[YOUR ASSIGNMENT]:
Pictures in the entries below are excluded; copy only the lines from the one containing "东莞旗峰山公园人流量较大,是" to the one containing "Esse não é um", both included.
--- EXTRACTED DATA ---
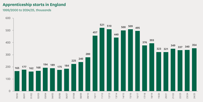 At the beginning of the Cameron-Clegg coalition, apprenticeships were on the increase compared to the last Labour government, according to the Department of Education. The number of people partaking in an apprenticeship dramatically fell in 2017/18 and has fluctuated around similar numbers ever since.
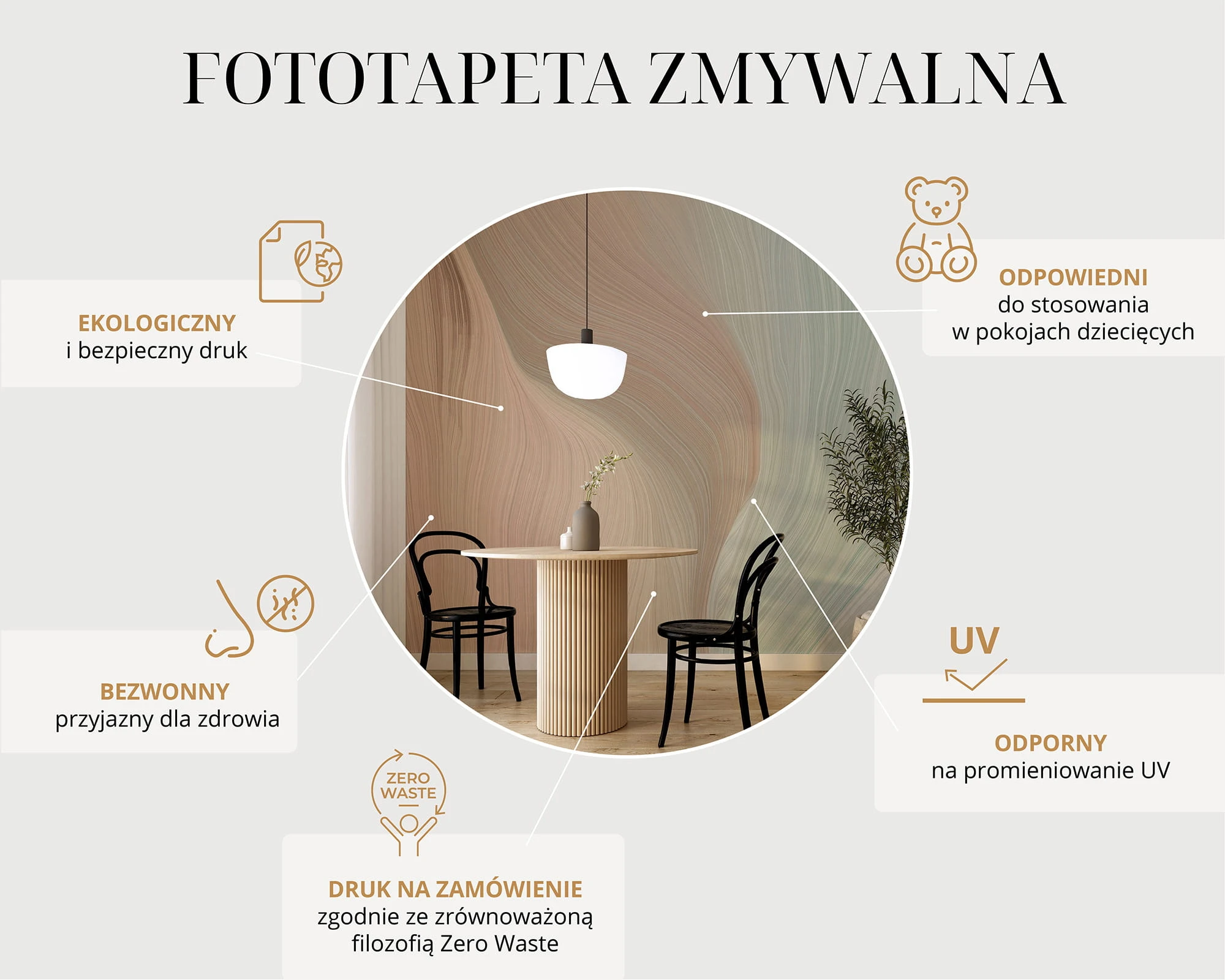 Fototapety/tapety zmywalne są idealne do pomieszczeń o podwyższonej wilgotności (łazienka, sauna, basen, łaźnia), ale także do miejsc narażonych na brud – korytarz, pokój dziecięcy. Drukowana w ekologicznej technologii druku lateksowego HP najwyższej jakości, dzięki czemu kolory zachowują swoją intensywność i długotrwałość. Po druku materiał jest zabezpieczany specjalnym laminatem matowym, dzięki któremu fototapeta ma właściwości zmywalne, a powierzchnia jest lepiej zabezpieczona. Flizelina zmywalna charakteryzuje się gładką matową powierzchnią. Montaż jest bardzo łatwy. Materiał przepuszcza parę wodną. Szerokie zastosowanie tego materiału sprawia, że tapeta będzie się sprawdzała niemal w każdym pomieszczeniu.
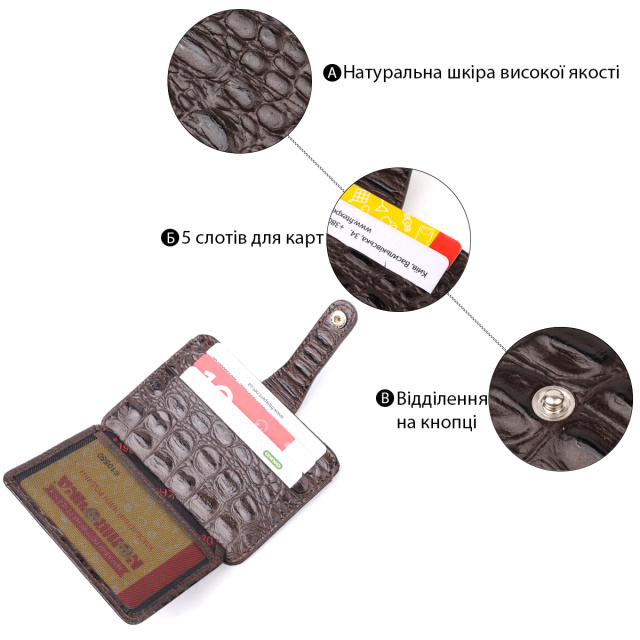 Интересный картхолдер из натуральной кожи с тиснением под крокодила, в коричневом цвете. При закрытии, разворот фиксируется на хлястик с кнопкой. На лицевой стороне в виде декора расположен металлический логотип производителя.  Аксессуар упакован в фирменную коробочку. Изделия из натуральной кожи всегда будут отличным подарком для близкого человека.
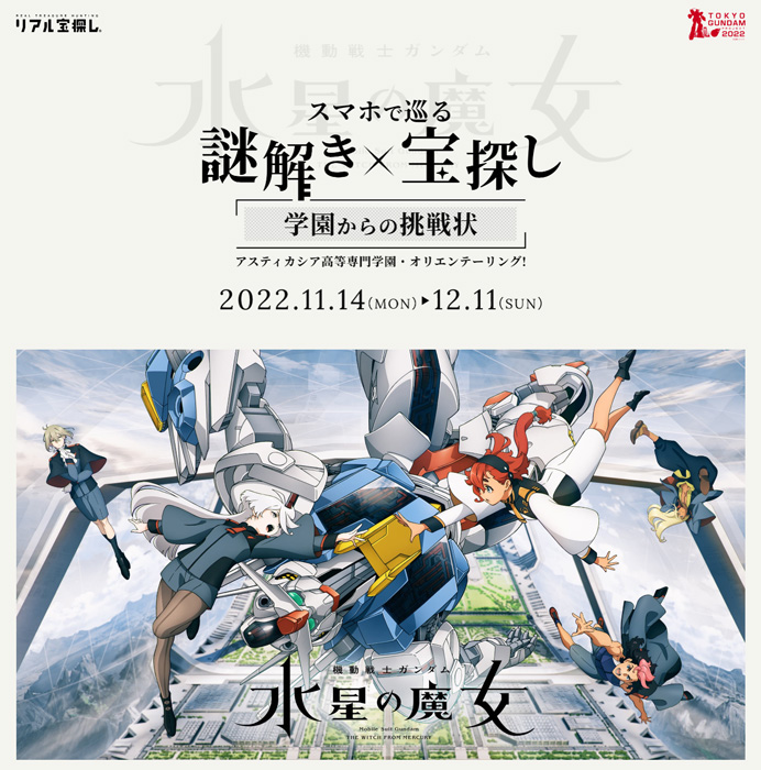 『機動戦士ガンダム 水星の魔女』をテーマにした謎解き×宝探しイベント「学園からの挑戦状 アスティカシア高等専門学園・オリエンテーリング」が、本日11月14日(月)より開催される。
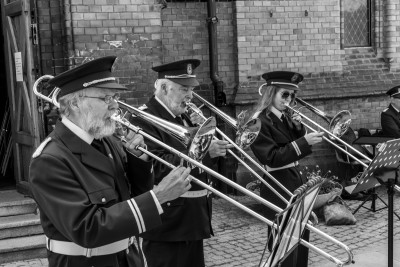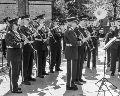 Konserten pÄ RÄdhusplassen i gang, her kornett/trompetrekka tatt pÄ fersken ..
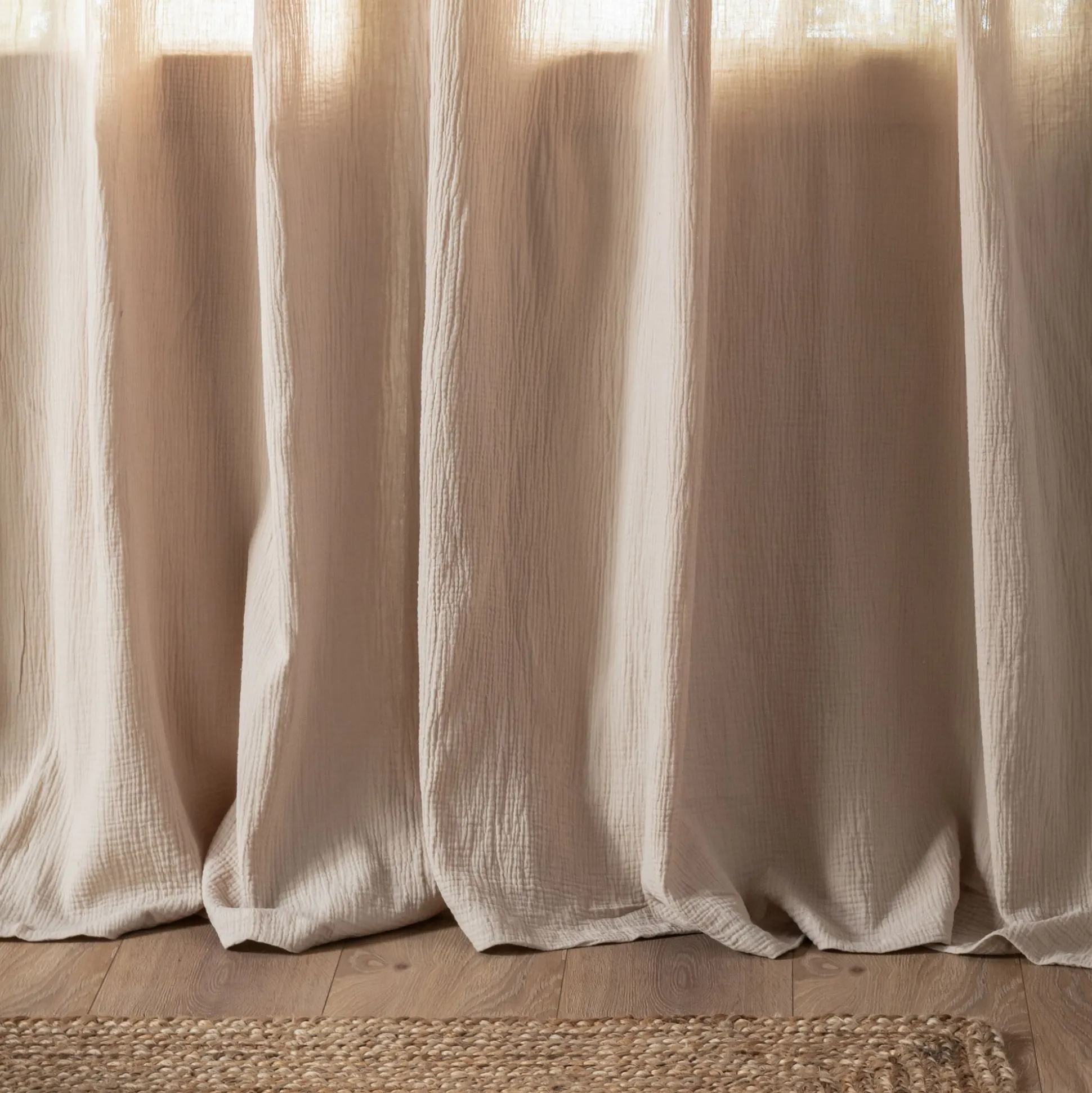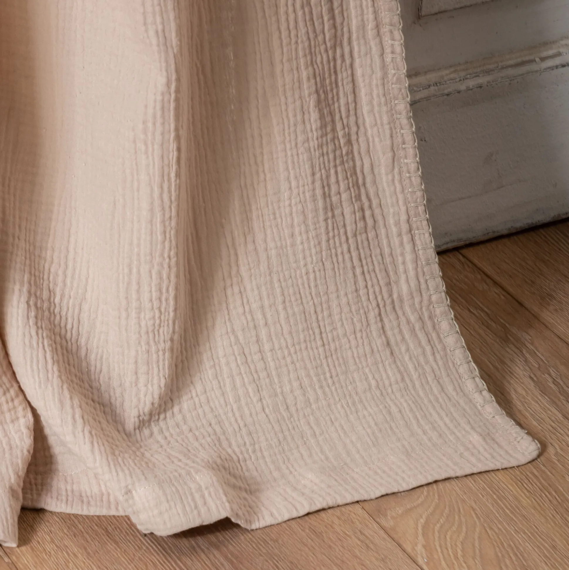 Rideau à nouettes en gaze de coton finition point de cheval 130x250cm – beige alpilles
---
--- EXTRACTED DATA ---
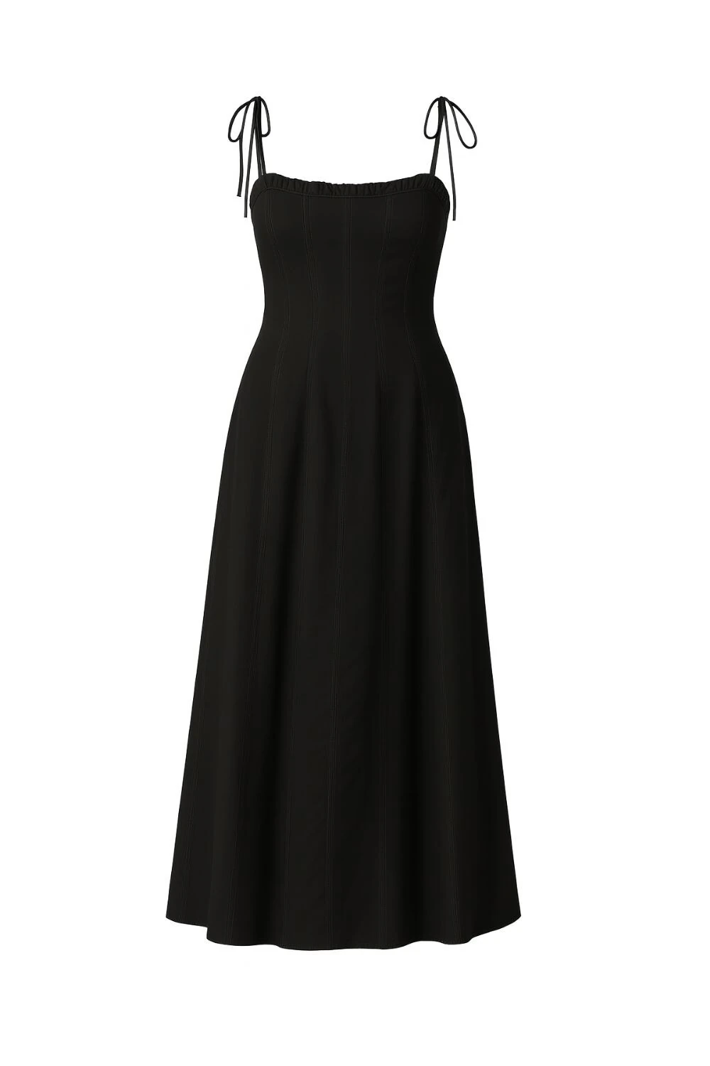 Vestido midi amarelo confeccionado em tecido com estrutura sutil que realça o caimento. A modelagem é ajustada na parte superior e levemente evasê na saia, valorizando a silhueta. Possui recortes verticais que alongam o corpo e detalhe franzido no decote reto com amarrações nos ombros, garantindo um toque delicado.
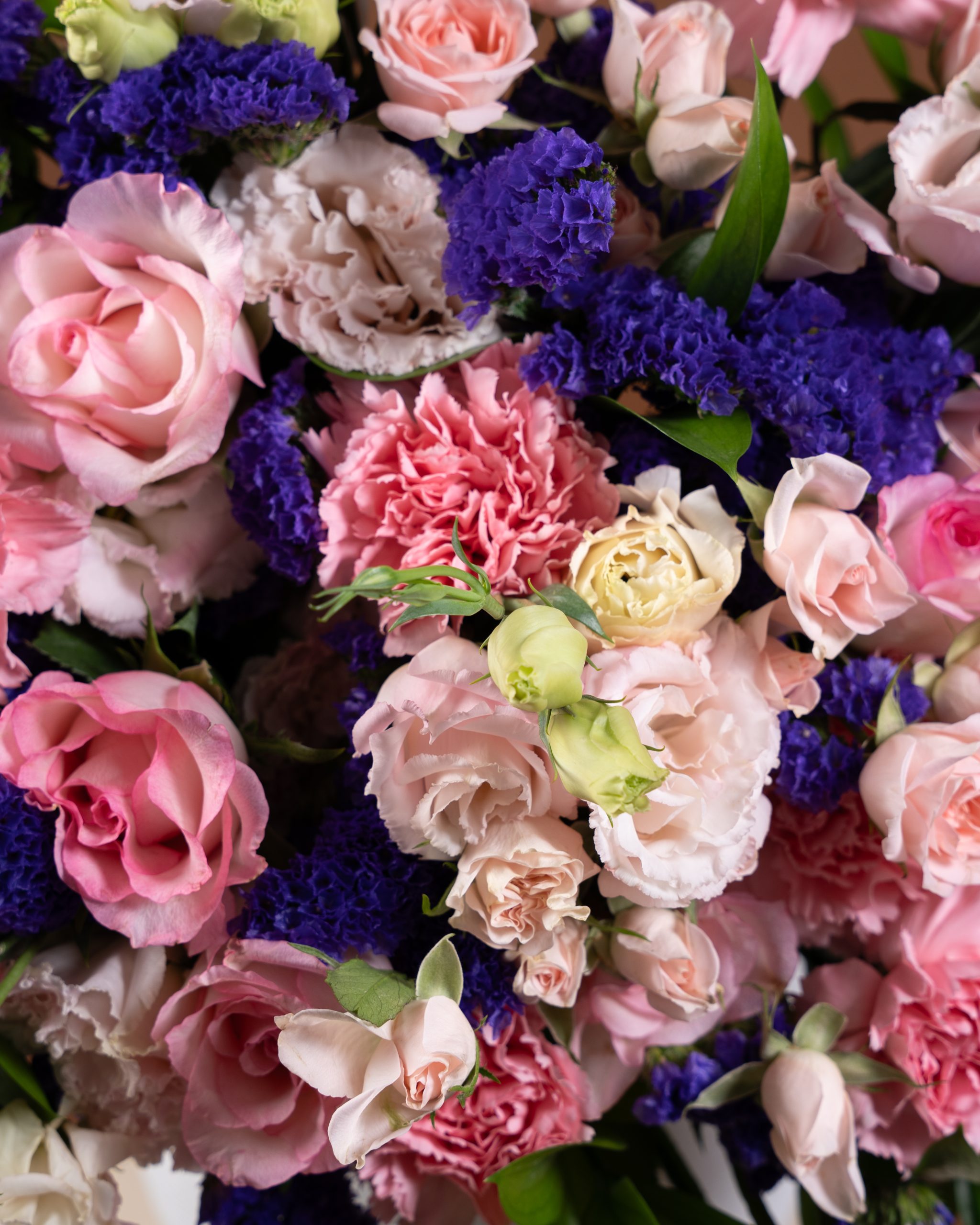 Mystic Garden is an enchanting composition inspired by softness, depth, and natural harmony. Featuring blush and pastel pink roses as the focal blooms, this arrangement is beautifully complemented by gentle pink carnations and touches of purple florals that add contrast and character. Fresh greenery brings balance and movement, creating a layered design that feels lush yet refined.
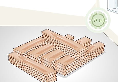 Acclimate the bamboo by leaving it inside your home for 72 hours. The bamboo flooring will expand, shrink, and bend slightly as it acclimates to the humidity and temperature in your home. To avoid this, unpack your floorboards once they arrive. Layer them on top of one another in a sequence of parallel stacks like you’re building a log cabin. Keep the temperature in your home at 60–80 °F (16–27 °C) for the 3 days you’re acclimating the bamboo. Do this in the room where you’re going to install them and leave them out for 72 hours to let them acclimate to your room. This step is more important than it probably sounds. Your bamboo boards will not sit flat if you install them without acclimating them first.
---
--- EXTRACTED DATA ---
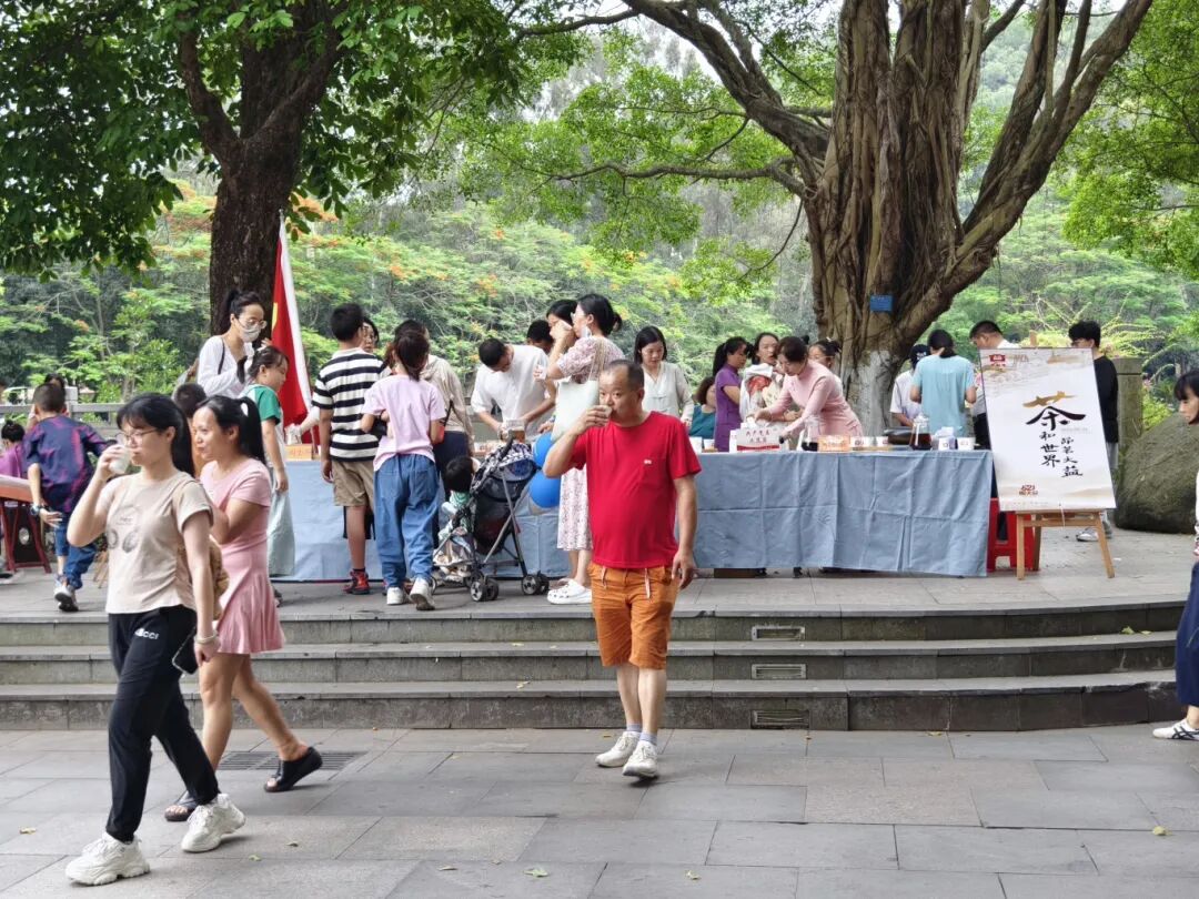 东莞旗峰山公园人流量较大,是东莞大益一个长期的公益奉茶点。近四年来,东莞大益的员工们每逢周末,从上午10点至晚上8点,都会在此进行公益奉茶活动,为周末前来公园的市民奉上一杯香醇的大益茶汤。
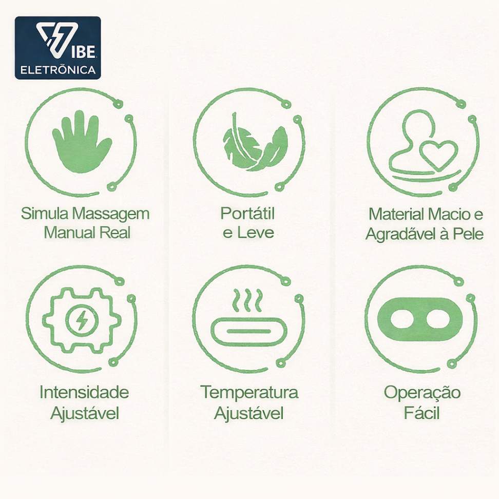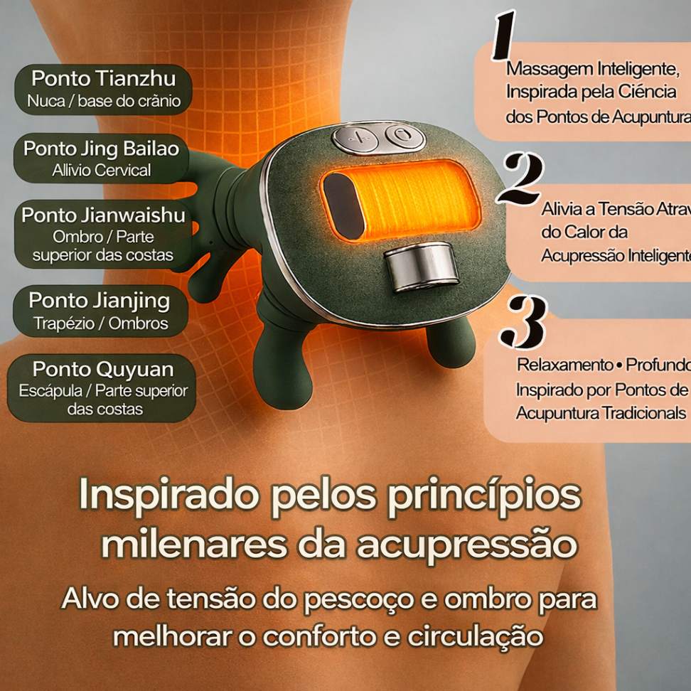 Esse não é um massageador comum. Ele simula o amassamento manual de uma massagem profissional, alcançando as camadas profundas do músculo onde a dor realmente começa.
---
[RESPONSE TO THE TASK]:
 东莞旗峰山公园人流量较大,是东莞大益一个长期的公益奉茶点。近四年来,东莞大益的员工们每逢周末,从上午10点至晚上8点,都会在此进行公益奉茶活动,为周末前来公园的市民奉上一杯香醇的大益茶汤。
 Esse não é um massageador comum. Ele simula o amassamento manual de uma massagem profissional, alcançando as camadas profundas do músculo onde a dor realmente começa.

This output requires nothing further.